Gu-Ga 1989
Directed by Villen Novak, *Gu-Ga (1989)* plunges viewers into the brutal realities faced by Soviet soldiers consigned to a punishment battalion during World War II.
Director: Villen Novak
Cast








Frequently Asked Questions
What is Gu-Ga (1989) about?
*Gu-Ga* follows the desperate lives of Soviet soldiers condemned to a punishment battalion during WWII, where survival is punishment enough. These outcasts navigate a daily death sentence, where a month could feel like a lifetime. The film strips away war's glamour to reveal the cost of survival in the face of systemic abandonment.
Who directed Gu-Ga?
Villen Novak directed *Gu-Ga (1989)*, delivering a stark, unflinching portrayal of Soviet military justice in wartime.
Who stars in Gu-Ga?
The film stars Aleksei Volkov, Andrei Tolubeyev, Vera Sotnikova, Oleksiy Horbunov, and Vladimir Nosik as the doomed soldiers navigating moral and physical peril.

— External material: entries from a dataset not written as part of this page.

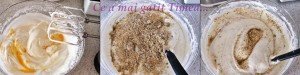 – 4 oua, 8 linguri zahar, 6 linguri faina, 6 linguri nuca, 4 ling. apa, 1/2 plic praf de copt, un varf de sare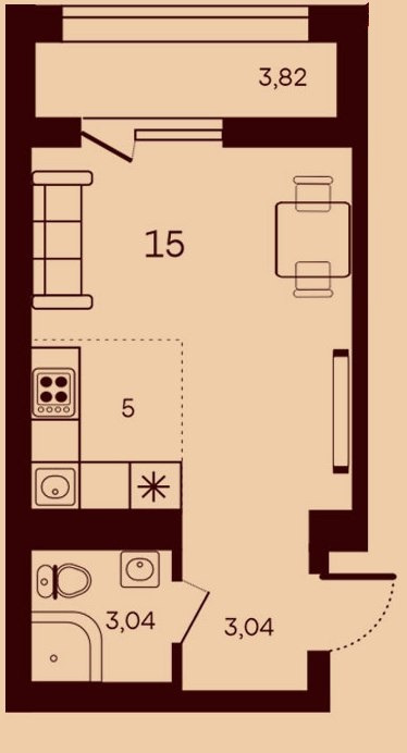 Общая площадь 29,9 кв.м. , жилая площадь 15 кв.м., кухня 5 кв. м. , Лоджия 3,82 кв.м. Имеется выбор этажей и планировок.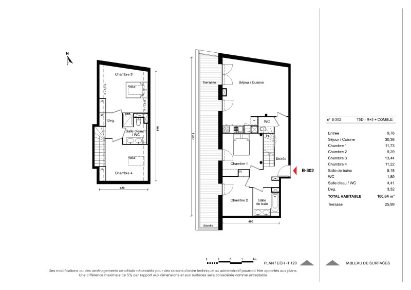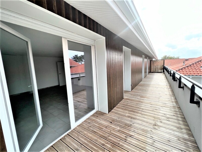 Centre ville de Biscarrosse, à 5 mn du centre commercial de Laouadie et 10 mn des plages,agréable T5 Duplex situé composé d'une entrée, d'un séjour avec cuisine équipée (évier, plaque 4 feux, hotte, meubles hauts et bas), de deux chambres dont une avec placard, d'une salle de bain aménagée, d'un WC séparé et d'une grande terrasse de 25.99 m².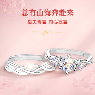 免费刻字情侣戒指999纯银一对情侣款 对戒梅花切钻戒婚戒结婚求婚

Is Gu-Ga (1989) worth watching?
While unrated on IMDb, *Gu-Ga* offers a visceral, thematically rich war drama that stands out for its brutal honesty. Fans of historical realism and anti-war narratives will find it compelling, though it's not for those seeking uplifting cinema. Its atmosphere alone makes it memorable.
How long is Gu-Ga?
The film runs for 133 minutes, a runtime that underscores its unrelenting tension and emotional weight.
About Gu-Ga (1989) — Soviet punishment battalion's brutal reckoning in WWII
Directed by Villen Novak, *Gu-Ga (1989)* plunges viewers into the brutal realities faced by Soviet soldiers consigned to a punishment battalion during World War II. Far from the front lines of glory, these men—stripped of their ranks and dignity—serve a sentence where a single month behind the wire is counted as a decade behind bars. The film strips away the romanticism of war, replacing it with raw survival, moral reckoning, and the unbreakable instinct to endure. Through stark visuals and relentless tension, Novak crafts a war drama that lingers like a battlefield scar, probing the extremes of human resilience and sacrifice.
The story unfolds in a claustrophobic atmosphere of mistrust and despair, where every misstep could mean a bullet or a burial. With a cast led by Aleksei Volkov, Andrei Tolubeyev, and Vera Sotnikova, *Gu-Ga* eschews heroes in favor of flawed, fear-stricken men clinging to a thread of humanity. The action unfolds with punishing realism, cutting through propaganda to expose the cost paid by those society deemed expendable. It's a harrowing meditation on war's injustice—and the fragile threads that keep the soul intact in the face of annihilation.